A new-look Champions League will tear apart the fabric of the English domestic game and is part of a “never-ending creep” towards a European super league, according to Crystal Palace chairman Steve Parish.
UEFA has proposed an increase of 100 matches in the competition and four extra matchdays from 2024, which Parish and EFL chairman Rick Parry fear would kill off the League Cup.
Parish spoke out at a clubs advisory platform meeting of the European Leagues group on Wednesday.
One 36-team league to replace current eight groups of four
Each team to play 10 matches - five home, five away - in a seeded 'Swiss system'
The top eight to automatically qualify for the last 16 knockouts, places nine to 24 to play off for the remaining eight slots
“We seem to be expected to accept these proposals because they are not as bad as they could have been and, whilst I congratulate particularly this body in working to remove many of the excesses, I can’t quite buy into that thinking that we should be ever so grateful that it’s only an extra 100 games,” he said.
“This would have a quite devastating effect on domestic competition in England. This proposal will probably see the end of the League Cup in its entirety or reduced to some kind of youth competition.”
UEFA controversially proposes to grant two of the extra four places in the new-look Champions League group phase to clubs based on historical co-efficient. This would effectively provide a safety net to big clubs in the event of a poor domestic season, as long as they have done enough to qualify for either the Europa League or the Europa Conference League.
Parish added: “The creep is never-ending. We are seeing with the co-efficient and the calendar principles that are being attempted to be ingrained so that next time things can be changed even more and domestic competition in the end takes a secondary seat to a European super league.
“With the assault on the calendar we are talking about a transfer of value from domestic leagues to European competition and I think it’s very concerning.”
UEFA president Aleksander Ceferin said last year it would be “better for everyone” if the League Cup was scrapped, while European Club Association chairman Andrea Agnelli suggested earlier this week that one way to avoid calendar congestion was for 20-team leagues such as the Premier League to reduce in size.
Parry said the proposals posed a “major threat” to the League Cup, and by extension to EFL clubs who he estimated would lose out on a third of current revenue if the competition was substantially altered.
UEFA proposes that the four extra rounds in the Champions League occupy ‘exclusive’ midweek slots in addition to those currently held, something Parry also took exception to.
“We have a healthy diet of midweek games and, by extending exclusivity, UEFA is not creating competition between itself and domestic leagues, it’s abusing a dominant position,” he said.
European Leagues is preparing to push back against a number of aspects of UEFA’s ‘Horizon 2024’ plan, which has the backing of the influential ECA.

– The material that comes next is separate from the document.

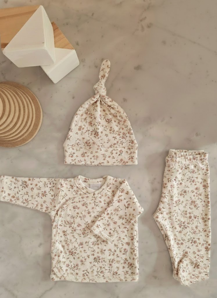 Este ajuar incluye batita, ranita y gorrito, confeccionados en algodón Pima: suave, respirable e hipoalergénico, perfecto para la piel sensible del bebé.

European Leagues wants to cut the additional games from four to two, to change the access plan so that three of the places are given to domestic champions who do not currently qualify for the group stage automatically and to keep the cap on the number of clubs from one single country who can qualify at five.
It is also opposed to the idea that a financial settlement for the new competition can be agreed after consensus has been reached on the format – its president Lars-Christer Olsson, a former UEFA chief executive, is adamant that must be negotiated at the same time.
European Leagues wants a higher percentage of solidarity revenue to go to non-participating clubs – UEFA is currently proposing to keep that at four per cent – and for more of the overall revenue to be fed down to the Europa and Conference Leagues.
There is a fear that, with UEFA and the big clubs as represented by the ECA in agreement on the plan, the smaller clubs and leagues could be ignored.
Olsson called on the small to medium-sized associations who helped put Ceferin and other members of the executive committee into power to speak up and become more active.
“They could be essential for the UEFA president and for members of the executive committee in the coming elections. But they have not been as active as they should have been for some years,” he said.